Which is why the dichotomy between 'secure by design' and 'security through obscurity' is so fallacious. Any security system designed to keep intruders out requires some mechanism of doing so, and by design, requires that mechanism to be presented to the intruder. The mechanism is hiding the message, and so is itself a mechanism of obscurity.
A security system (doesn't have to rely on obscurity, as seen above, but reasonably will be), and it can also be secure by design. The two concepts are hardly contradictory, and the latter is not a negative attribute even if it exists.
Badly implemented security through obscurity is bad. But then, so are badly-implemented firearms.
"It is possible to commit no errors and still lose. That is not a weakness. That is life." -Peak Performance
"There is a class of mathematically provable software languages, and you might be able to say with surety that programs in them are secure."
I don't think this is the case. The problem is that most people think "secure" is a binary principle - it's there or its not. But in reality "secure" deals as much with expected interactions as it does with any hard principles. A mathematically provable software language will only prove that the software meets a certain specification. The problem is that the specification may itself contain bugs or be insecure. Also, it may be perfectly secure in one context, and perfectly insecure in another (for instance, if they assumed incorrectly which other parts of the system could be trusted).
Engineering and the Ultimate
In addition, there is the question of "exploited by whom". For instance, let's say that there is a bug which allows one Postgres user to do queries on the table of another Postgres user. Should it be fixed? Sure. Is it a big problem? Not unless you're on a shared virtual hosting platform. And even then, its somewhat mitigated because the only people who have access to it are paying customers (i.e. their identity is known).
A "security bug" does not mean "hax0rs are going to own you", but it may mean something like, "if someone who you trusted enough to give permissions to your box were going to try to screw you, they could do it in this way".
So, even if it is exploitable doesn't mean that it is necessarily exploitable in a way that would leave people vulnerable to strangers.
Engineering and the Ultimate
I once wrote interrupt handlers and read "legacy binary files" in a dialect of Modula-2, as 2 realms that "only C can do well," and I didn't jump through terribly awkward or unsafe steps to do so.

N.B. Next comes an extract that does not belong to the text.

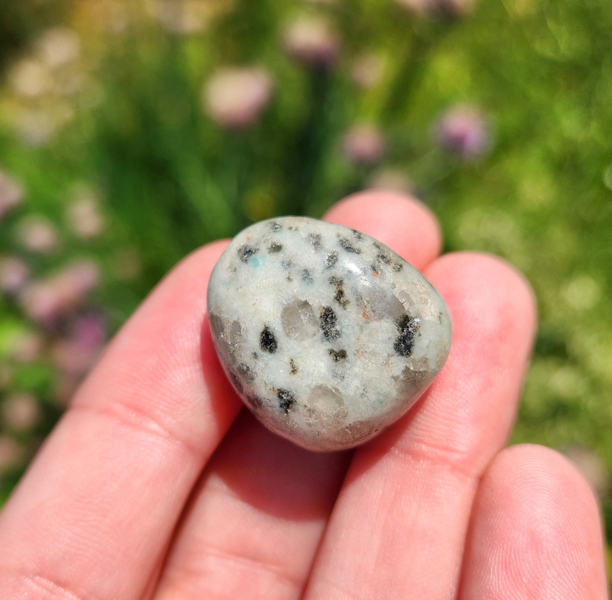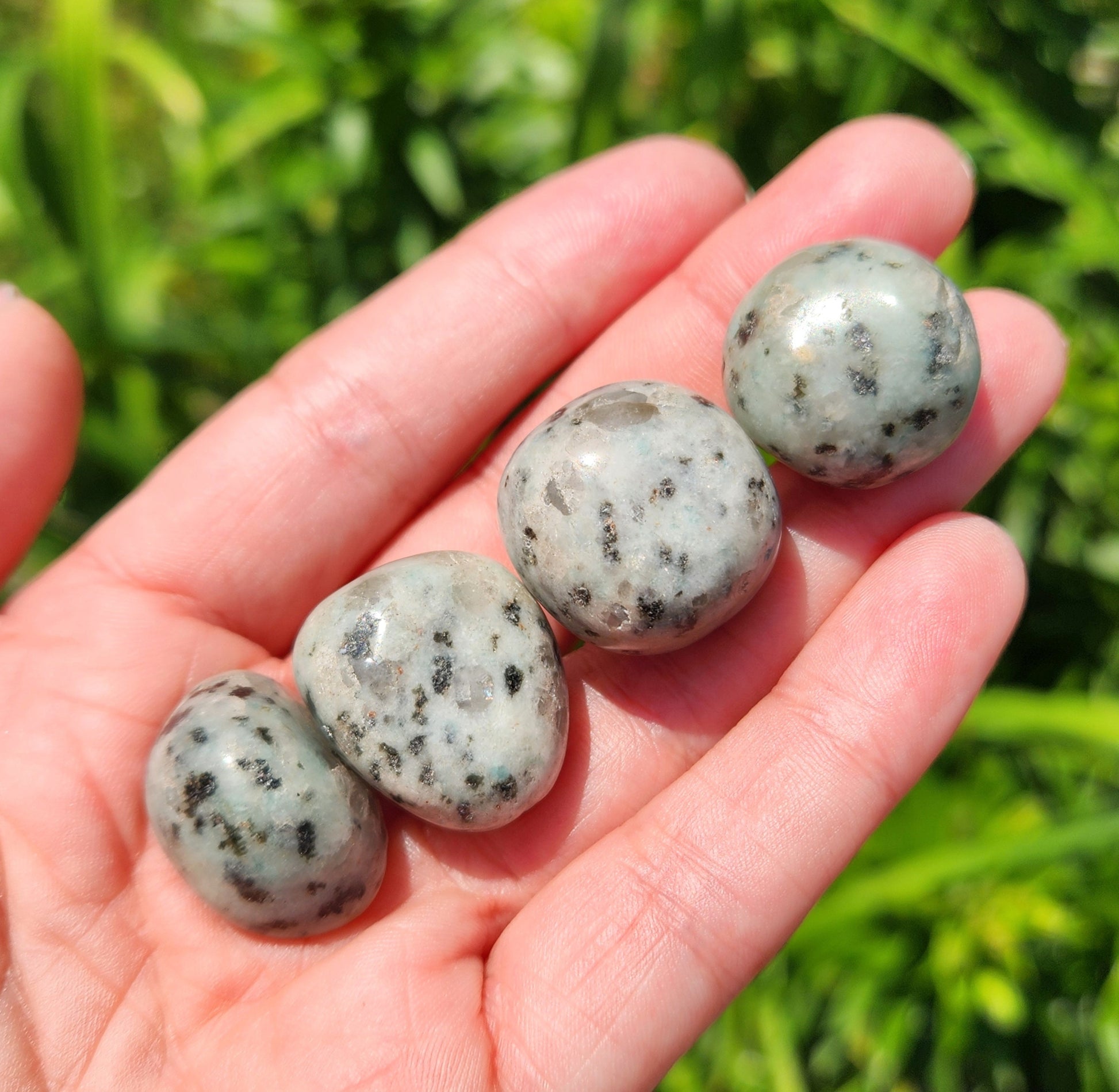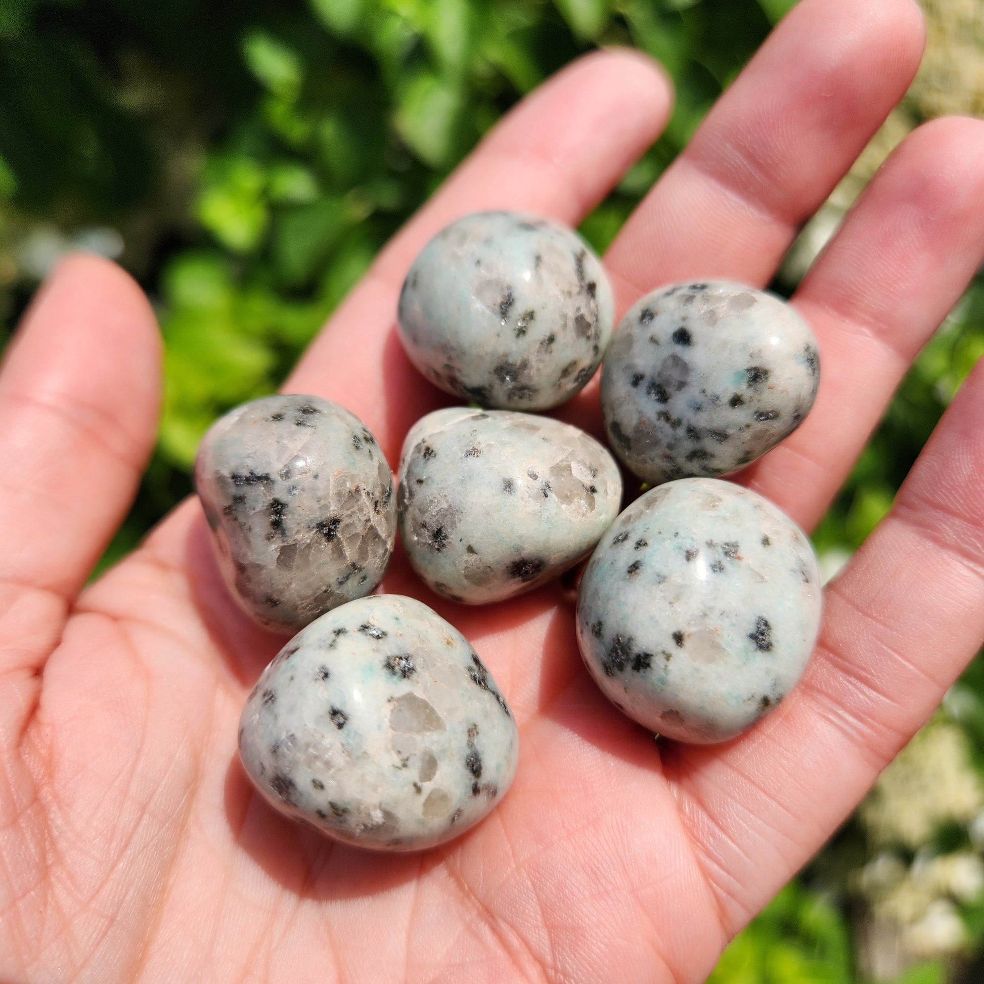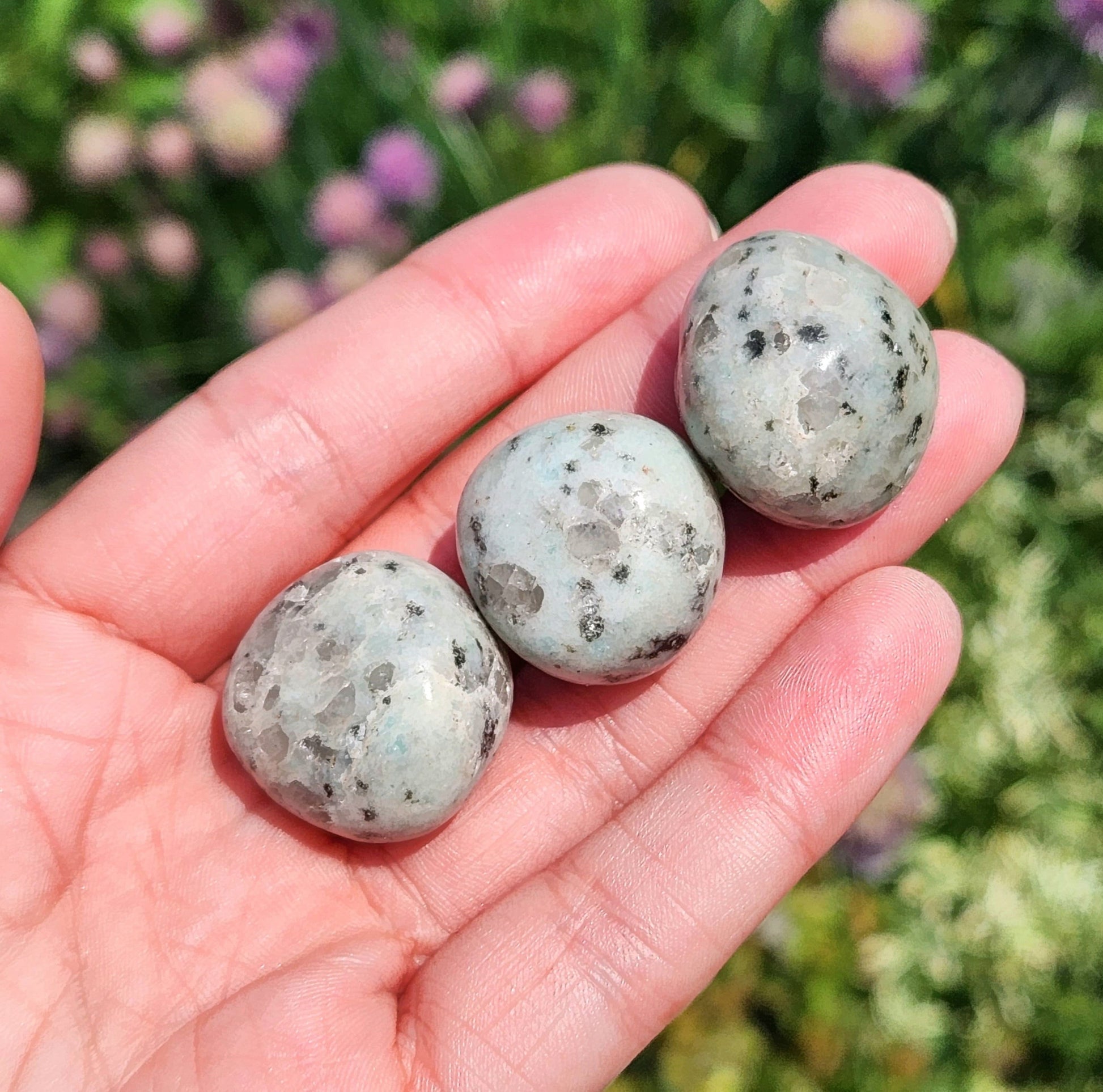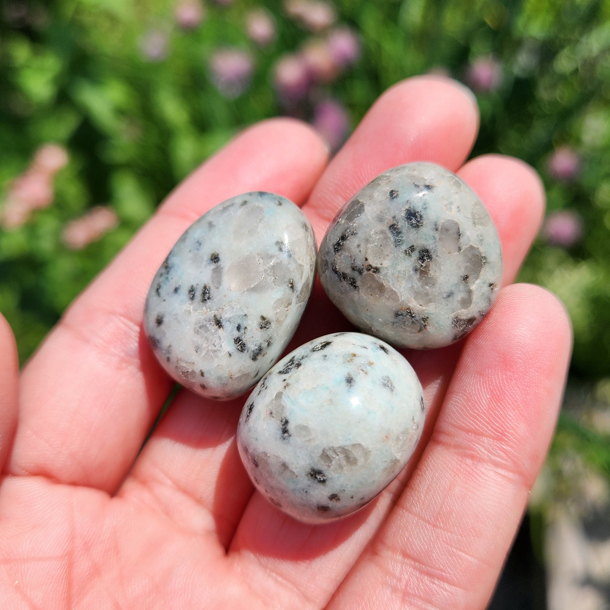 These Sesame Jasper stones have been tumbled to a smooth polish. They have a creamy light grey coloring with a blue-green hue, showcasing dark speckles and silica-rich inclusions. Each specimen measures approximately .75 inches.

The problem was in that word, "dialect." While the language could be good and useful, the original definition was not, and apparently its inventor had insufficient interest in making it so. Hence only dialects became useful, and of course no 2 were the same.
Beyond that, there's the "common idiot" mindset that dislikes strong typing, even if there is a structured way to break it when necessary, predeclaration of variables, interfaces, and stuff like that that we'd generally be better of with if we had.

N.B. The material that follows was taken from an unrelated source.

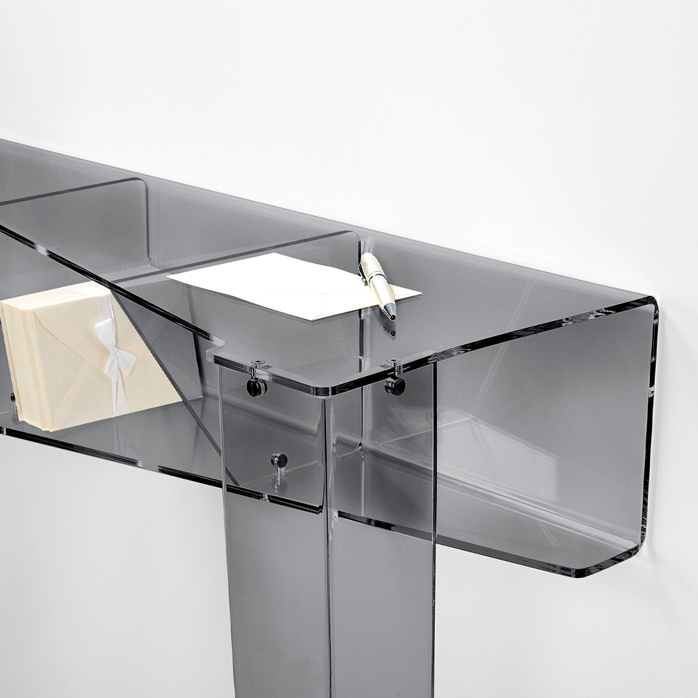 Fabricada con PMMA 100% de alta calidad a partir de polímero virgen , la consola promete no solo resistencia y durabilidad , sino también un brillo y brillo que no se desvanece con el tiempo. Como una verdadera obra de arte, esta consola capta y refleja la luz, creando una atmósfera viva y dinámica en cualquier espacio.
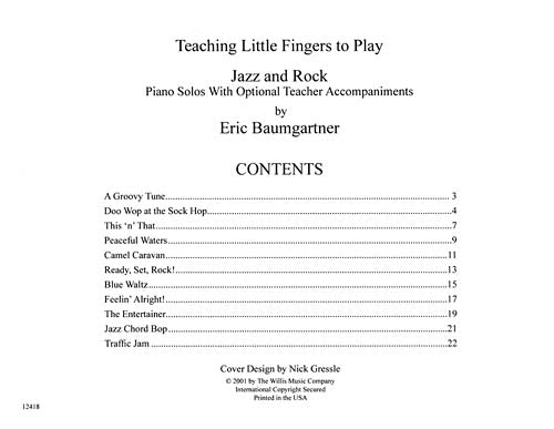 Teaching Little Fingers to Play Jazz and Rock - Book only Teaching Little Fingers to Play/Early Elementary Level Publisher: Willis Music Category: Educational Keyboard Series: Willis Format: Paperback 11 solos: Blue Waltz · Camel Caravan ·...Regular price $13.99 -

As a result, C and C++ are pretty much it, and programming languages that could help us do better, or been improved to do so, are practically dead on the shelf.
The living have better things to do than to continue hating the dead.
Indeed, you can never be completely certain that code is free of security holes - you can prove one exists, but you can't prove one doesn't exist. At least not using an automated scanner. So the ZDNet article is nonsense: 'its first list of open-source projects that have been certified as free of security defects'.
-- Ed Avis ed@membled.com
As an aggregate they know enough that they produce the vast majority of security bug reports. Only a tiny minority of those reports come from "experts" performing security reviews. If we have to rely on experts, we're not going to have much security anywhere.
Theo, unfortunately, has contempt for the programming abilities of most people. It is a valid point, however, that most C programmers can learn more than they know now about how to write secure software.
Bruce Perens.
I haven't tried this, and indeed there isn't much real work going on in provable software languages these days. But I think that it would be possible to set theoretical constraints on a program such that it serves data and does not allow it to be modified. There might be a good Ph.D. paper in it for someone.
Bruce Perens.
You're right. I forgot to weight them based on the portion of the installation they'd each represent.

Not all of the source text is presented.